__TASK DESCRIPTION__
Begin the copy at the line that contains "Este martes 7", end it at the last line of the entries below, keep every word exact, and include no pictures.

__Collection entries__
▼▼▼

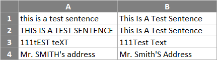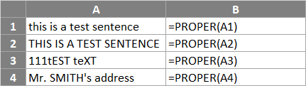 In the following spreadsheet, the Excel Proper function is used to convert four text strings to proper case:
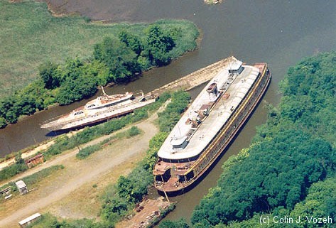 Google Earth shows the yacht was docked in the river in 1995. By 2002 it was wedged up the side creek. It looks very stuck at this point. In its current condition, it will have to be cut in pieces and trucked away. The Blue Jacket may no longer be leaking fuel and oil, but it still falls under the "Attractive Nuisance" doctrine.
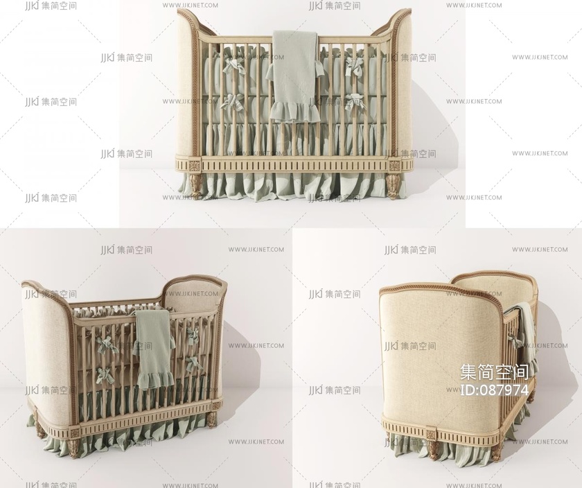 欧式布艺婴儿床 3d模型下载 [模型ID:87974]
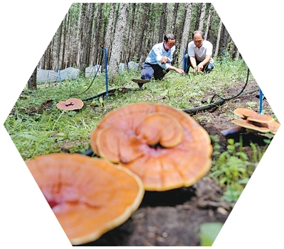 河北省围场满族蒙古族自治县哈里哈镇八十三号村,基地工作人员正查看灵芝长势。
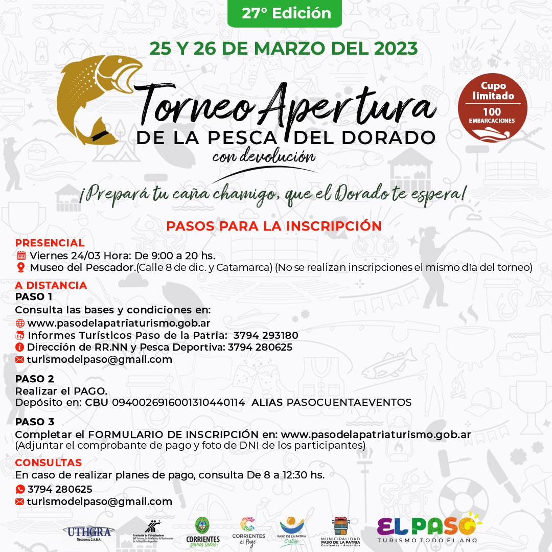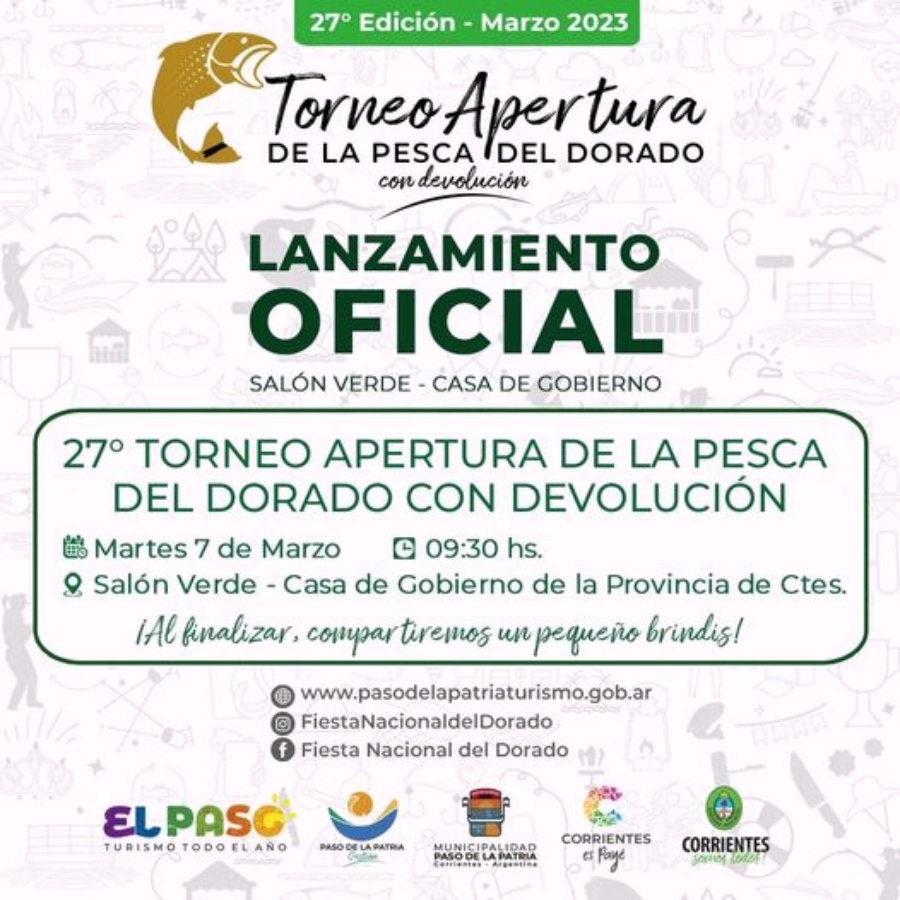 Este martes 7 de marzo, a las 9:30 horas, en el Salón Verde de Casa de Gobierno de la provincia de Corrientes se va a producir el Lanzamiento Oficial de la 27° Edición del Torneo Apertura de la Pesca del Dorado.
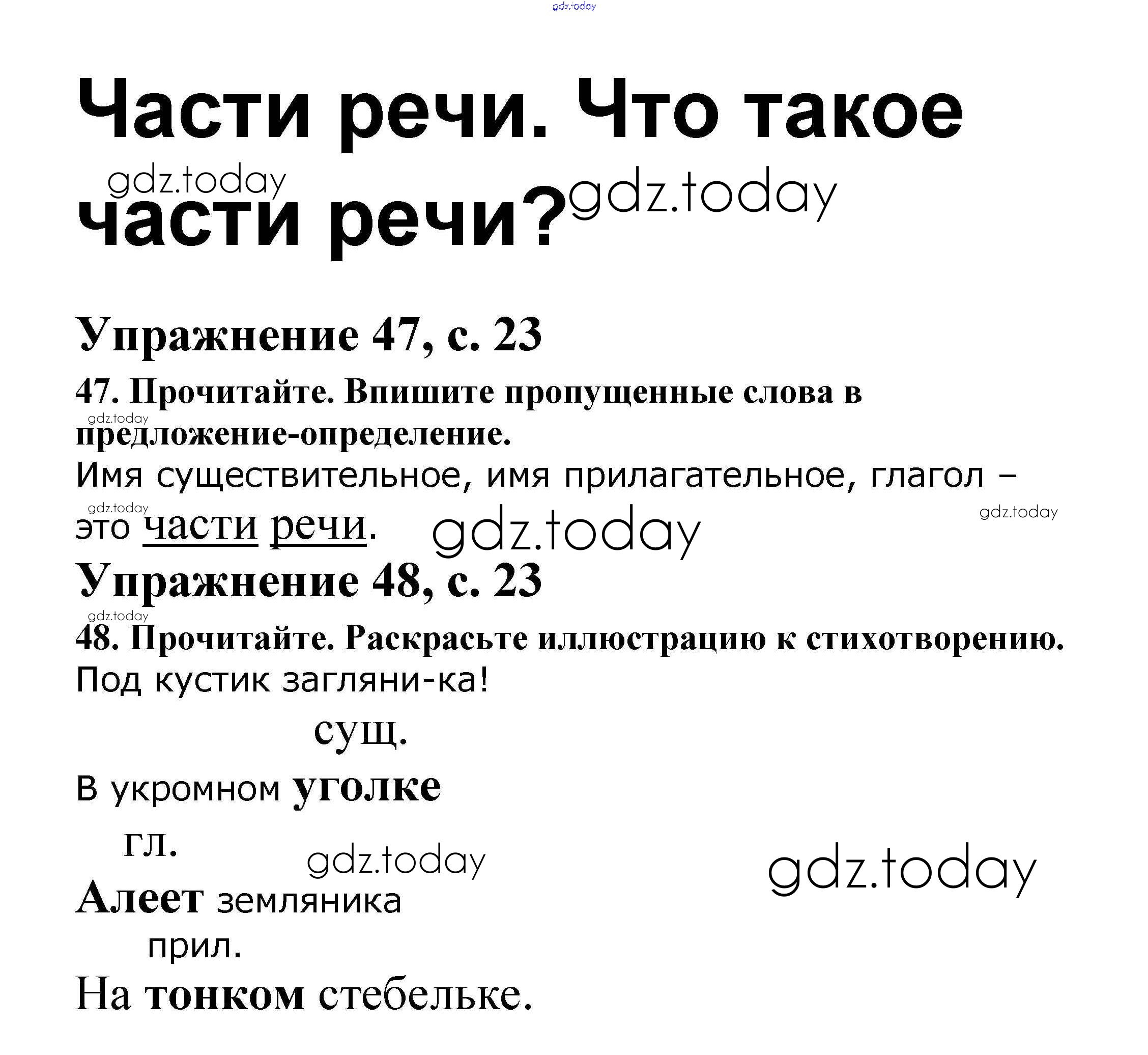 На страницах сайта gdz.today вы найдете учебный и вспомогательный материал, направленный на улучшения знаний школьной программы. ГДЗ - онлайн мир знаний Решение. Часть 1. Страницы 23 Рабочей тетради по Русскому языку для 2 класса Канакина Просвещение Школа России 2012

▲▲▲

__EXPECTED ANSWER__
 Este martes 7 de marzo, a las 9:30 horas, en el Salón Verde de Casa de Gobierno de la provincia de Corrientes se va a producir el Lanzamiento Oficial de la 27° Edición del Torneo Apertura de la Pesca del Dorado.
 На страницах сайта gdz.today вы найдете учебный и вспомогательный материал, направленный на улучшения знаний школьной программы. ГДЗ - онлайн мир знаний Решение. Часть 1. Страницы 23 Рабочей тетради по Русскому языку для 2 класса Канакина Просвещение Школа России 2012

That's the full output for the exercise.